The technical solution of the present invention is further explained by the following embodiments with reference to the accompanying drawings.

In the description of the present invention, it is to be understood that the terms "upper", "lower", "top", "bottom", "inner", "outer", and the like indicate orientations or positional relationships based on those shown in the drawings, and are only for convenience of description and simplicity of description, and do not indicate or imply that the device or element referred to must have a particular orientation, be constructed and operated in a particular orientation, and therefore should not be construed as limiting the present invention.

Referring to fig. 1-3, a high-efficiency heat pipe includes a pipe body 1, a heat dissipation structure and a cooling circulation structure;

the heat dissipation structure comprises heat dissipation fins 2 fixedly connected to the outer side of a pipe body 1, an inner pipe 11 is sleeved inside the pipe body 1, a heat dissipation core 5 wraps the outer side of the inner pipe 11, and a cooling liquid pipe 7 is arranged on the outer side of the heat dissipation core 5, so that the heat dissipation effect is improved;

the cooling circulation structure includes that fixed connection is at the sleeve pipe 8 of the both ends lateral wall of body 1, the inside of sleeve pipe 8 is opened there is cooling bath 9, liquid pipe 10 is divided in the one end intercommunication of cooling bath 9, divide the outer wall of the one end fixed connection sleeve pipe 8 of liquid pipe 10, divide the one end intercommunication feed liquor pipe 12 of liquid pipe 10 for radiating speed.
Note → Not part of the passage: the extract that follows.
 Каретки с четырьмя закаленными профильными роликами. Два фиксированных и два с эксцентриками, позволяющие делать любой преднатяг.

The heat dissipation pipe comprises a pipe body 1, a plurality of heat dissipation fins 2, a plurality of sleeve pipes 8, a cooling pipe 3 and a backflow pipe 4, wherein the heat dissipation fins 2 are distributed on the outer side wall of the pipe body 1 at equal intervals, the structure is more reasonable and convenient to connect, carborundum 6 is filled between the inner portion of the pipe body 1 and the outer wall of an inner pipe 11, the structure is more reasonable and convenient to dissipate heat and conduct heat, the number of the sleeve pipes 8 is two, the two sleeve pipes 8 are communicated with each other through the cooling pipe 3 and the backflow pipe 4, the outer side walls of the cooling pipe 3 and the backflow pipe 4 are wrapped with the carborundum 6, the structure is more reasonable and convenient to conduct heat, a cooling liquid pipe 7 is wrapped inside the carborundum 6, the cooling liquid pipe 7 is wound between the cooling pipe 3 and the backflow pipe 4, cooling liquid is filled inside the cooling liquid pipe 7, the structure is more reasonable, and the heat dissipation is convenient.
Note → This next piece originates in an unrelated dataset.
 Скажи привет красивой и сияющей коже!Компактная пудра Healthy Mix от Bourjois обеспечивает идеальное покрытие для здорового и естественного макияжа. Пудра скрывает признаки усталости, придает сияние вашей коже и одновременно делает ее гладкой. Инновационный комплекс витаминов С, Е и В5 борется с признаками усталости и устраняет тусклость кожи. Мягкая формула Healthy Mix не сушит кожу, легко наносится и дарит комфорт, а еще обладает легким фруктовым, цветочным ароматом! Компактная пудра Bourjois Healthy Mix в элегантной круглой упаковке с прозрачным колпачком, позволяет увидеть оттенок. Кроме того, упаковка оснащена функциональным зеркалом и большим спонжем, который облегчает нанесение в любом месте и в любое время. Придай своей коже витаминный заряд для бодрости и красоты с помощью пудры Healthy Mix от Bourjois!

When the cooling water pipe is used, cooling water needing to dissipate heat is introduced through the water inlet 13, the cooling water enters the inner pipe 11, the cooling water in the inner pipe 11 is conducted through the heat dissipation core 5 wound outside the inner pipe 11, the heat dissipation area is increased through the heat dissipation core 5 wound, the heat of the heat dissipation core 5 is absorbed and transferred through the carborundum 6 filled between the inner pipe 11 and the pipe body 1, the cooling liquid in the cooling liquid pipe 7 wrapped inside the carborundum 6 preliminarily cools the heat, the cooling liquid is introduced into the liquid inlet pipe 12, the cooling liquid is respectively conveyed into the sleeve 8 through the liquid distributing pipe 10, the cooling liquid enters the cooling groove 9 inside the sleeve 8, the heat absorbed by the carborundum 6 is conducted through the heat dissipation pipe 3 communicated with the cooling groove 9 and the return pipe 4, the cooling liquid circularly flows in the cooling grooves 9 of the two sleeve 8 under the action of the heat, thereby improving the cooling effect, heat is transferred to the tube body 1 through the carborundum 6, and the tube body 1 gives off the heat through the radiating fins 2, so that the radiating efficiency is further accelerated, and the radiating effect is better.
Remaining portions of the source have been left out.